Your assignment:
Quote exactly, and only, the lines of the material below from the line with "buttoned blazer Highlights" through the line with "Větší transparentní krabička".

Information:
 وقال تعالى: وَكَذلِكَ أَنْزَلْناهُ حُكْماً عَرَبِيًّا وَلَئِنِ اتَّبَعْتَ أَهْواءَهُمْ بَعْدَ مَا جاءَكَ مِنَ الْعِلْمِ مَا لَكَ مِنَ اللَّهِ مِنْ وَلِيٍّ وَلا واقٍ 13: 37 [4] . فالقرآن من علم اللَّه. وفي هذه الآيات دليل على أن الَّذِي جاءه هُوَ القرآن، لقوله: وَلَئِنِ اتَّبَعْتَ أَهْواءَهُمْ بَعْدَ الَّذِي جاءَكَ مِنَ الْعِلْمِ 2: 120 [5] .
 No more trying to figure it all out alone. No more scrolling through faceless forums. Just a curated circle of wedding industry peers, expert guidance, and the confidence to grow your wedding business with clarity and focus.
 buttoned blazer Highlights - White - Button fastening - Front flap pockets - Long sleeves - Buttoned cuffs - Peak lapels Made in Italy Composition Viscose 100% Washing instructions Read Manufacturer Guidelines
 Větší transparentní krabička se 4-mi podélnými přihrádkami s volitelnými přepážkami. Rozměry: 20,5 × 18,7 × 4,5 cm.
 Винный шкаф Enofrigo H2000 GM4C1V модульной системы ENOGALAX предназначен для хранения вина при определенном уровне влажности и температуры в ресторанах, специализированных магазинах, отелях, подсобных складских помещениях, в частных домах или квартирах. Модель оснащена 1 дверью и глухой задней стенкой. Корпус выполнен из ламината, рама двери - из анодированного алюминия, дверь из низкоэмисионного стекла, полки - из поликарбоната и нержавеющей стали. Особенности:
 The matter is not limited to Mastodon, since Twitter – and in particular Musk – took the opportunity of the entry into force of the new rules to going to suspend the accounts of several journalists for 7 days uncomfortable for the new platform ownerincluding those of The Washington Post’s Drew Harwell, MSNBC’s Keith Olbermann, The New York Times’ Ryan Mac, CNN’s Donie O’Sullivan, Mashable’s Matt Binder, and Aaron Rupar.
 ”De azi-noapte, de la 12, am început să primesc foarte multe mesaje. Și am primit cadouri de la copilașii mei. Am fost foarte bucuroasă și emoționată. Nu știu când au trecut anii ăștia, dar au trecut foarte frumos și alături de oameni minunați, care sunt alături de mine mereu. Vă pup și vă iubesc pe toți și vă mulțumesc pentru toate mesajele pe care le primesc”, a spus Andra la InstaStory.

...

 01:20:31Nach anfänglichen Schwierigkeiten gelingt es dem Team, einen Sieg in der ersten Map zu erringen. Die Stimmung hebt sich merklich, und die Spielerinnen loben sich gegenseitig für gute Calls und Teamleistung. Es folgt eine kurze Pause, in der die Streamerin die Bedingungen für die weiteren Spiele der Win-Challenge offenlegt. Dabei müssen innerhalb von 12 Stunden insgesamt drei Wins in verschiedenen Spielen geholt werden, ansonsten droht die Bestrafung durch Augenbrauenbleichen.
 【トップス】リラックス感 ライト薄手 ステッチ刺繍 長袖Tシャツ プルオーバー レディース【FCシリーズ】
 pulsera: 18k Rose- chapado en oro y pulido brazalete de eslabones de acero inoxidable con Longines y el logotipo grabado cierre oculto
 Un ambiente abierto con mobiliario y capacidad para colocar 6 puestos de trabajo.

--

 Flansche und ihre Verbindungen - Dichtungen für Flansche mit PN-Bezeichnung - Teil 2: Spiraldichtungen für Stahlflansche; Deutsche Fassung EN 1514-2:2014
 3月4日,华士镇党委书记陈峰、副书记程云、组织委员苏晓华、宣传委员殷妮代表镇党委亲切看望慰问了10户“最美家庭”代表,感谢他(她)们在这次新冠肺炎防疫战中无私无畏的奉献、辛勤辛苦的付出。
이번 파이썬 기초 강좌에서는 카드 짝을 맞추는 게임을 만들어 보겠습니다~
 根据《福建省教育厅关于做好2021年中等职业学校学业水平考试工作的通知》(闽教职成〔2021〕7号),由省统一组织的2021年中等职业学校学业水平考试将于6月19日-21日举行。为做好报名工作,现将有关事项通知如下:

Exercise result:
 buttoned blazer Highlights - White - Button fastening - Front flap pockets - Long sleeves - Buttoned cuffs - Peak lapels Made in Italy Composition Viscose 100% Washing instructions Read Manufacturer Guidelines
 Větší transparentní krabička se 4-mi podélnými přihrádkami s volitelnými přepážkami. Rozměry: 20,5 × 18,7 × 4,5 cm.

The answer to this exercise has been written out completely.